26.10.2005
Alberto Varanda

Nos amis lusophones n'ont pas les mirettes ensablées
Alberto Varanda, c'est tout un poème qui nous vient du pays de Fernando António Nogueira Pessoa. Un trait entre la ligne claire et les pleins et déliés, un souci du détail qui vise à la perfection, des dessins comme un cliché arrêté : posture, premier plan, second plan... Le grand Alberto ne fait pas de l'illustration ou de la BD, c'est du synopsis de film, en particulier sa trilogie de bande dessinée Bloodline.
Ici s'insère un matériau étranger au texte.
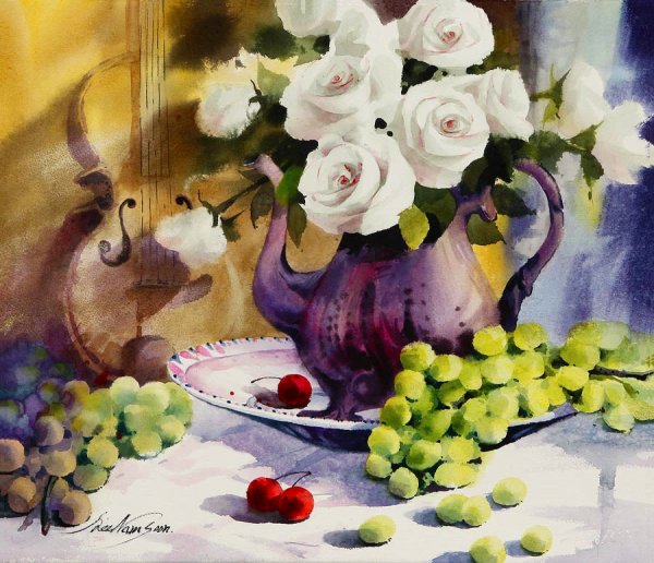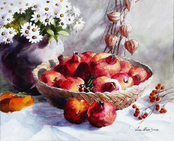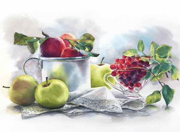 Представьте себе великолепный натюрморт, созданный мастером акварельной живописи. Это произведение искусства переносит нас в атмосферу красоты и изящества, объединяя в себе цветы и фрукты. Яркие и сочные оттенки цветов, захватывающие детали лепестков и листьев, создают ощущение жизни и привлекательности. В то же время, свежие и аппетитные фрукты вызывают желание погрузиться в их аромат и вкус. Композиция натюрморта словно оживает на бумаге, передавая энергию и эмоции, которые автор хотел передать своим зрителям. Натюрморт акварелью, изображающий цветы и фрукты, является источником вдохновения и радости для любителей искусства.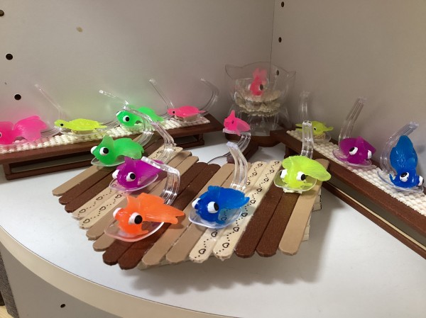 金魚さんたちが載せられているのは、プラスティックのスプーンやあずきバーの棒、ペットボトルの底の部分です。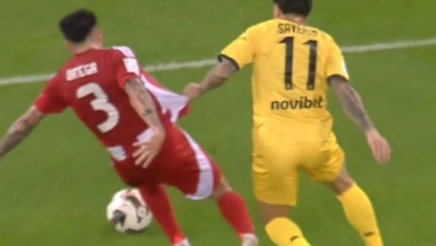 Ο Σαβάριο άρπαξε απο τη φανέλα τον Ορτέγκα στο 32΄, η παράβαση έγινε στην περιοχή του Άρη. Ούτε ο Νίμποργκ όμως, ούτε…

Son style fait parfois penser à Crisse (L'Epée de cristal, Kookaburra...) bien que Varanda ne courbe pas tant ses traits. Les dessins d'Alberto ont aussi ce je-ne-sais-quoi de brillant, luisant : son trait semble "gominé". Parmi ses autres réalisations BD, citons La Geste des Chevaliers Dragons, Reflets d'écume et récemment Paradis Perdu.
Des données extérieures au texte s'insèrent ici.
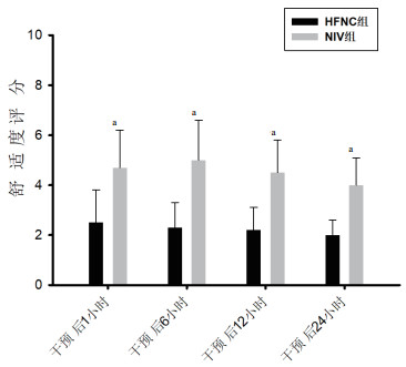 两组患者在干预后1至24 h,氧合指数均逐步改善,呼吸频率、心率逐渐下降,见表 3及图 1、2、3。其中HFNC组患者在干预后12、24 h的呼吸频率、心率均低于NIV组(均P<0.05)。而各时间点的PaO2/FiO2、PaCO2两组比较均差异无统计学意义(均P > 0.05)。HFNC组患者在拔管后1、6、12、24 h的舒适度评分均显著低于NIV组(均P<0.01), 见图 4。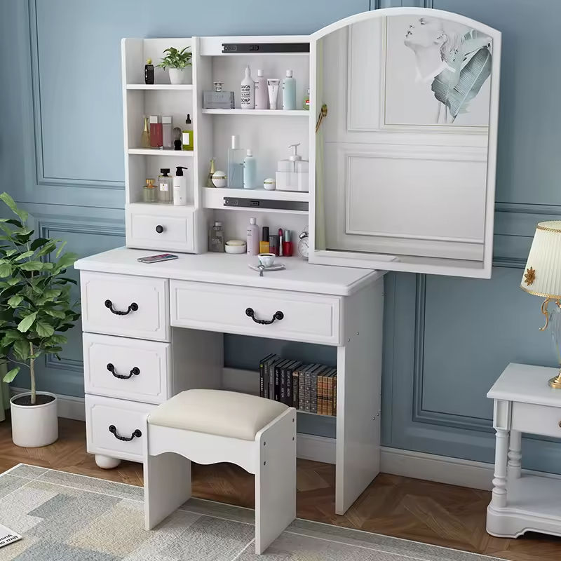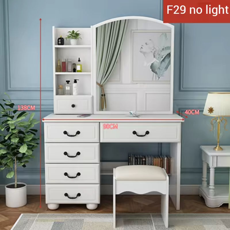 โต๊ะเครื่องแป้งสไตล์ยุโรปแบบมินิมอลพร้อมกระจก วัสดุเคลือบลามิเนต พร้อมที่เก็บของในตัว ขนาด 90 ซม. ไฟ LED ทนทาน ชุดโต๊ะเครื่องแป้ง

Après avoir bossé sur le dessin animé Lucky Luke et pour le magazine Tintin, Varanda s'est lancé dans la BD et semble avoir trouvé le parfait scénariste en les personnes* d'Ange (ou encore G.E. Ranne). Il a d'ailleurs fait la plupart des couvertures de leurs romans. Sa rencontre avec Croc lui a ouvert les portes de Siroz (devenu Asmodée).
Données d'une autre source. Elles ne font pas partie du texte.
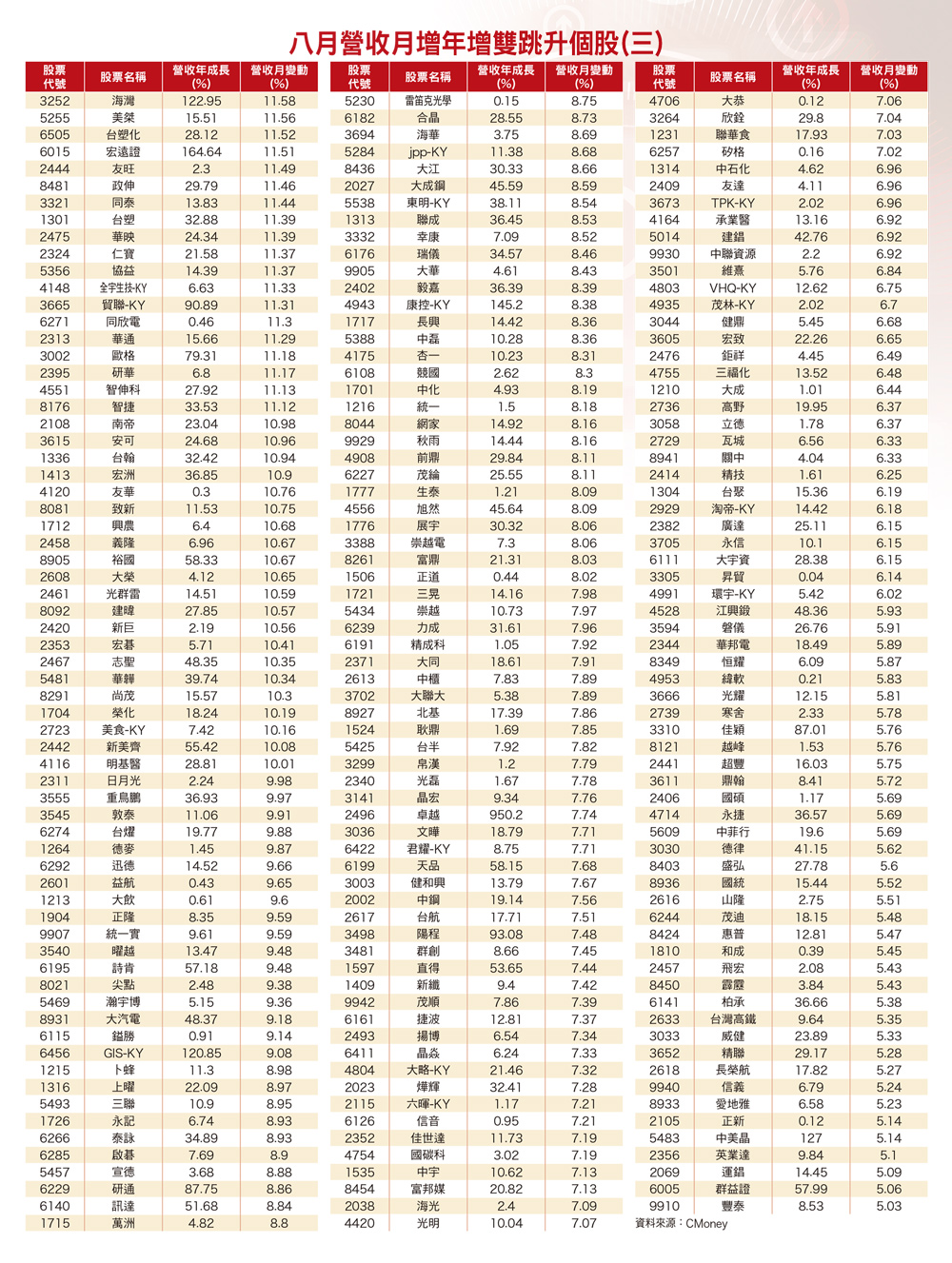 近期美國接連受到颶風襲擊,損失也不小,美股非但不受影響,在截稿前還拉出長紅K線,道瓊指數、S&P500指數、NASDAQ指數、費城半導體指數同步突破均線糾結區,處於攻擊發起位置,隨時都可能再創歷史新高;這樣的氛圍有利多方突圍,接下來就看外資態度了。颶風衝擊經濟 股市因禍得福事實上本次風災對美國的GDP是有影響的,颶風哈維(Harvey)與艾瑪(Irma)接連侵襲美國,不只使德州遭受重創,對佛羅里達州也帶來極大損失。根據氣象預測網站AccuWeather預估,艾瑪將帶來約一千億美元損失,使美國GDP(約十九兆美元)成長率損失○.五個百分點。而哈維預估造成一九○○億美元災損,估計美國GDP損失約一個百分點,有可能是美國史上災損金額最高的颶風。颶風帶來的經濟損失,包括企業停工、失業率上升、基礎建設與房屋毀壞、農損等,勢必會衝擊到美國第三~四季的經濟表現。美國高盛表示,過去曾對美國二次大戰以來的三十五個最強颶風進行分析,發現重大天災會對經濟帶來暫時性的趨緩,主要是衝擊消費者支出、企業庫存、房市和能源領域,目前的狀況可能使第三季國內生產毛額(GDP)成長率減少最高達一個百分點,也可能使九月就業人口減少二~十萬人。因此,高盛將美國第三季GDP成長率調降一個百分點,美銀美林也將預估值調降○.四個百分點。不過,風災對股市而言或許因禍得福,因為颶風打擊美國經濟,FED今年有可能不會出現第三次升息動作。另外,美國參議院也以八十票贊成十七票反對通過一二五.二億美元的哈維颶風救災撥款,及舉債上限及政府臨時支出法案延長至十二月八日等方案,眾議院也表決通過,這顯示有關舉債上限的問題暫時出現緩解,上述諸等因素都是美股轉強的因素之一。我們一再提及,只要美元尚未明顯轉強以前,基於資產配置的原則,亞洲新興市場資金回流美元資產的機率不大。所以包括台股在內的亞洲新興市場,將呈現馬照跑舞照跳的多方格局。觀察近期外匯市場,隨著歐洲經濟成長強度優於預期,政治風險大幅消退,歐洲央行(ECB)縮減量化寬鬆(QE)購債計畫已是箭在弦上。歐洲央行總裁德拉吉(Mario Draghi)表示歐央將於下次例會,十月二十六日討論縮減量化寬鬆議題,激勵歐元一度升破一.二美元大關;顯然,期待美元明顯轉強,仍需時間觀察。美元未轉強前 外資態度成關鍵既然如此,台股加權指數的表現空間,就取決於外資態度,連續性明顯買超,則指數將再創新高;反之,加權指數就陷入區間整理。至於個股股價的波動,選股條件將更為嚴謹,不但要考慮基本面數據(例如營收),還得搭配技術面、籌碼面之條件,過濾更多的風險。尤其國內法人近期買超的個股更值得留意,由於股市萬點的基期頗高,若非產業的中長線基本面趨勢明朗,法人不會在多事之秋的九月做大量布局。法人布局個股 基本面能見度高現階段投資人選股策略要達事半功倍,法人進出動向至為關鍵,畢竟機構法人的產業研究資源相對個別投資人要豐厚,在目前高基期的環境下,長線保護短線的思維更顯重要。標的篩選出來後,投資人可先列為口袋觀察名單,不見得要立即進場,等待未來一段時間量縮價穩,再尋求適當的切入點不遲。例如,合晶(6182),為全球第六大半導體矽晶圓供應商,其八吋N型重摻(Heavy-doped)產品應用在MOSFET、IGBT製程的市占率位居全球第一,現亦為全球前三大低阻重摻矽晶圓供應商。全球十二吋半導體矽晶圓已從今年首季吹起漲價風,各晶圓廠業者因合約期間、訂單規模不同,漲幅約達一○%左右。這波十二吋報價上漲的重要趨動力包括中國新建十二吋晶圓廠產能陸續開出、試產需求,及邏輯IC/Nand Flash/DRAM晶圓廠陸續導入的先進製程因初期良率不佳、test wafer由再生晶圓改用polishedraw wafer等的額外需求。而八吋矽晶圓也在這波缺貨潮中因十二吋與八吋具備某程度的替代性,所以合晶也在今年三月開始針對不同客戶分批漲價。合晶明年受惠漲價效應更大合晶產品線包括八吋、六吋及六吋以下半導體矽晶圓,二○一五年起積極提高八吋輕摻產品,帶動八吋產品出貨及營收比重向上。合晶以往虧損的營運包袱,即太陽能與藍寶石長晶部門已於二○一六年提列足額損失,今年起將不再成為公司獲利的絆腳石。由於中國大陸全力推動半導體自製率的提升,明年起多座中國晶圓廠陸續完工,而上海合晶旗下鄭州廠已於今年七月二七日舉行動土典禮,斥資人民幣十二億元興建月產二十萬片八吋矽晶圓廠,目標供應中國本土晶圓廠所需,產品種類則包含P-type輕摻(CMOS、fingerprint sensor 等)、N-type重摻(Power)兩大種類。公司目標在明年第三季先達成月產能五萬片,之後以每一季增加五萬片的進度推進。另外,合晶亦首度明確對外揭露第二期工程將興建十二吋矽晶圓廠,預定於二○一七年底動工,斥資人民幣四十一億元啟動月產能二十萬片的十二吋矽晶圓廠建廠工程。現階段下游晶圓廠為鞏固料源,合約簽訂的期間越拉越長,有助於矽晶圓廠的獲利透明度大幅拉高,整體估值(市場願意給的本益比)將大幅拉高,法人預估二○一八年合晶每股獲利將挑戰二元以上,值得長線追蹤。營收跳升法人買超 市場關注營收明顯跳升是基本面的最佳檢視方法之一,如果法人同時買進,更能增加市場認同度。例如廣明(6188),屬於廣達集團一員,主要生產協同機器人。不同於傳統的工業型機器人,協同機器人的特色包含與操作人員

En dehors de Djoul dont la connaissance et la collection en BD frise l'encyclopédisme, la [Fumble Team] a surtout connu Varanda pour ses illustrations de jeux de rôles made in Siroz comme Bloodlust (ouh là, c'est pas tout jeune ça), l'excellent Bitume, Scales et enfin In nomine Satanis/Magna Veritas où Alberto nous a gratifié d'illustrations sublimes.
* ne faites pas cette tête là, tout s'explique quand on sait qu'Ange et G.E. Ranne sont en fait le pseudo d'Anne et Gérard Guéro.